## Your assignment
Beneath this line are entries. Copy the range from the line with "دما و ساعت |" to the line with "People immerse themselves", ends included, exactly; leave pictures out.

## Records
+++

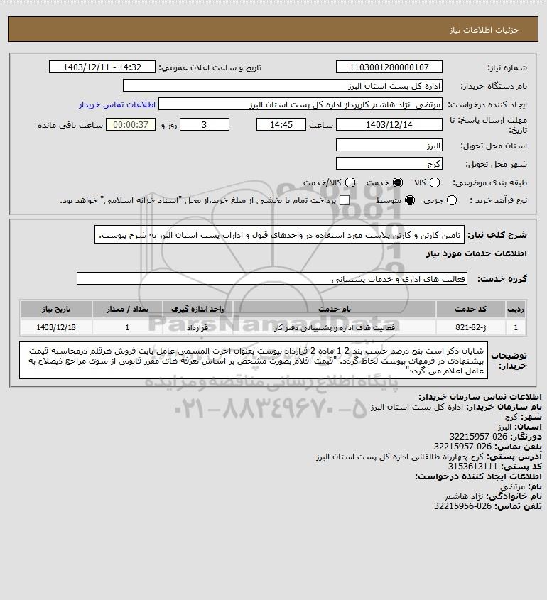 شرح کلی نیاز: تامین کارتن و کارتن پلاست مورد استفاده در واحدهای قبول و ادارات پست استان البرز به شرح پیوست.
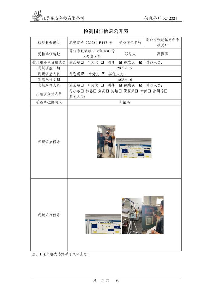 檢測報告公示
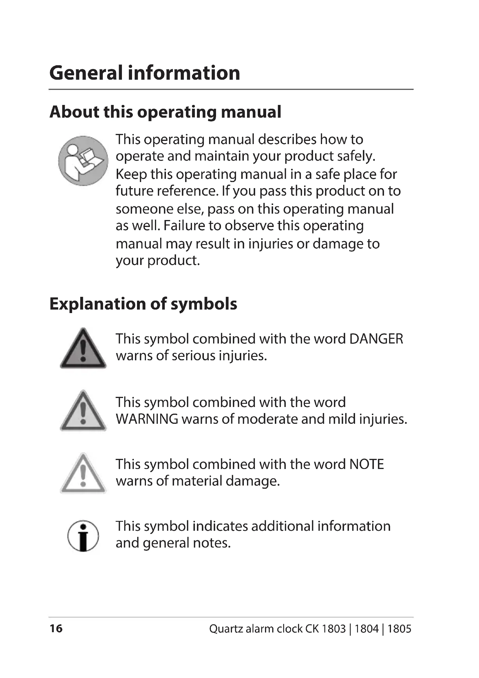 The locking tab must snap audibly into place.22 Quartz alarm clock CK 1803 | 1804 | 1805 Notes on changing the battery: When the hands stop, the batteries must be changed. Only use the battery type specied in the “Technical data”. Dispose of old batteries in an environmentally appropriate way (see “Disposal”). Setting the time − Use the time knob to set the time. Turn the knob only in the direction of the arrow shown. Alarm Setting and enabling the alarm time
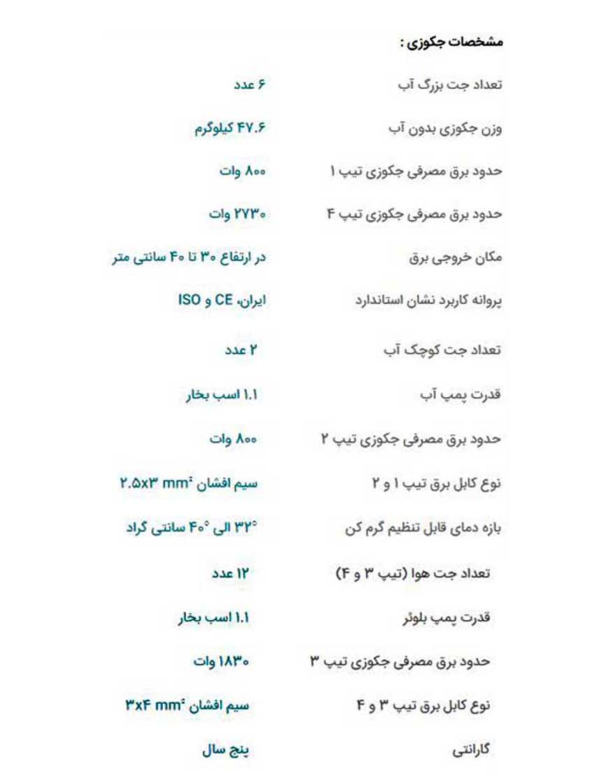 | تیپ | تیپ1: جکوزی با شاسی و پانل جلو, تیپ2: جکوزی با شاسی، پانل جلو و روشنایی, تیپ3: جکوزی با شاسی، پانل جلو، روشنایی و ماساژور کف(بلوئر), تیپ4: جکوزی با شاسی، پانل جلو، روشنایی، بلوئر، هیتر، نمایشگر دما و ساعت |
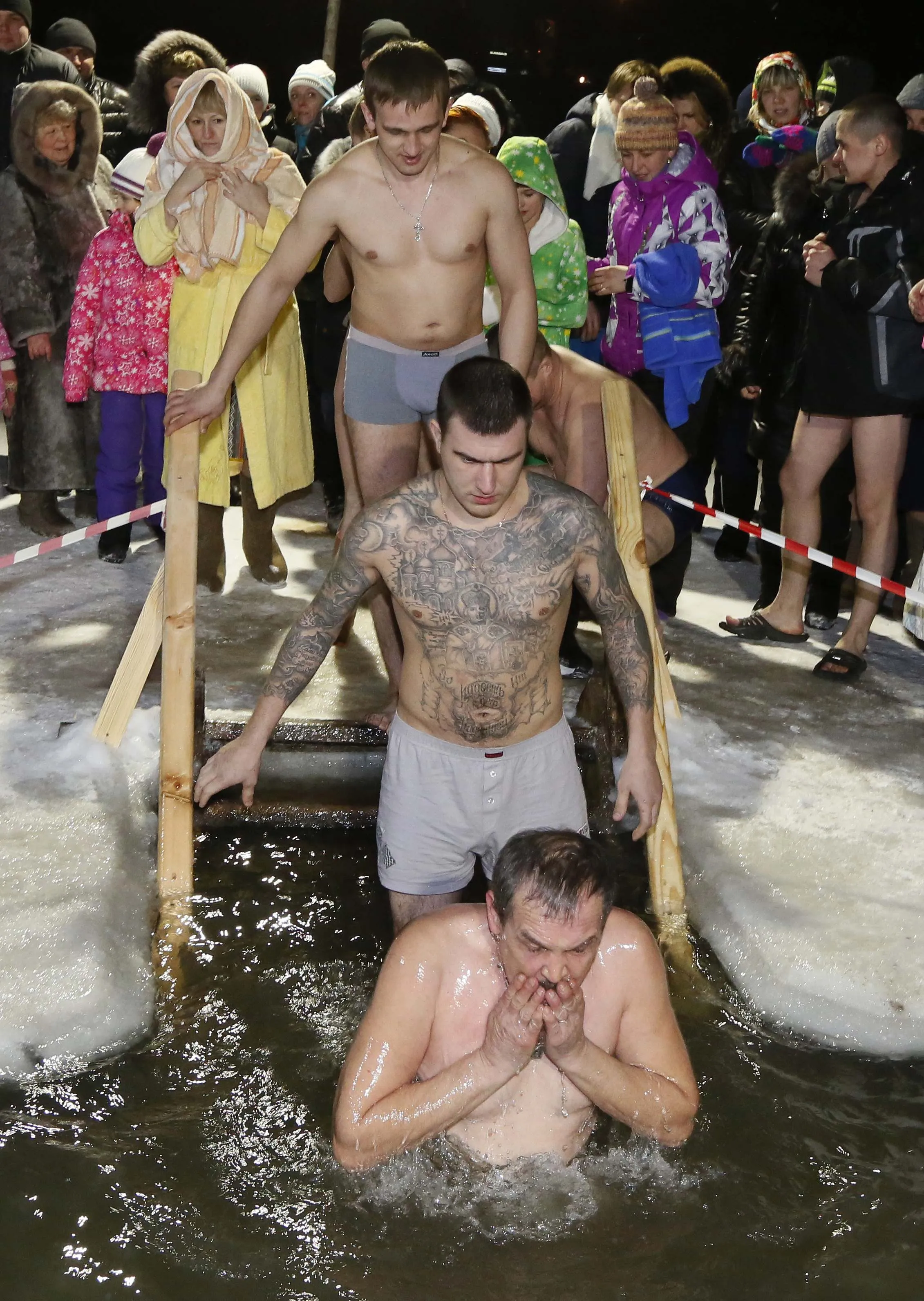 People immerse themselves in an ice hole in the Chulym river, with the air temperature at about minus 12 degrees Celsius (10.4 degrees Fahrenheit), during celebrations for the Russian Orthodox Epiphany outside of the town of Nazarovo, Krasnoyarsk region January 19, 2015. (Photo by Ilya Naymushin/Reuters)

+++

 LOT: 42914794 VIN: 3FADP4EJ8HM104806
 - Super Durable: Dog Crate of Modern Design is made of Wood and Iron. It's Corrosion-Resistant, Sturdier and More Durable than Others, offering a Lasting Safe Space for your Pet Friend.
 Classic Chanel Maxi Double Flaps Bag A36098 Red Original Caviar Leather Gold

+++

## Answer to this exercise
 | تیپ | تیپ1: جکوزی با شاسی و پانل جلو, تیپ2: جکوزی با شاسی، پانل جلو و روشنایی, تیپ3: جکوزی با شاسی، پانل جلو، روشنایی و ماساژور کف(بلوئر), تیپ4: جکوزی با شاسی، پانل جلو، روشنایی، بلوئر، هیتر، نمایشگر دما و ساعت |
 People immerse themselves in an ice hole in the Chulym river, with the air temperature at about minus 12 degrees Celsius (10.4 degrees Fahrenheit), during celebrations for the Russian Orthodox Epiphany outside of the town of Nazarovo, Krasnoyarsk region January 19, 2015. (Photo by Ilya Naymushin/Reuters)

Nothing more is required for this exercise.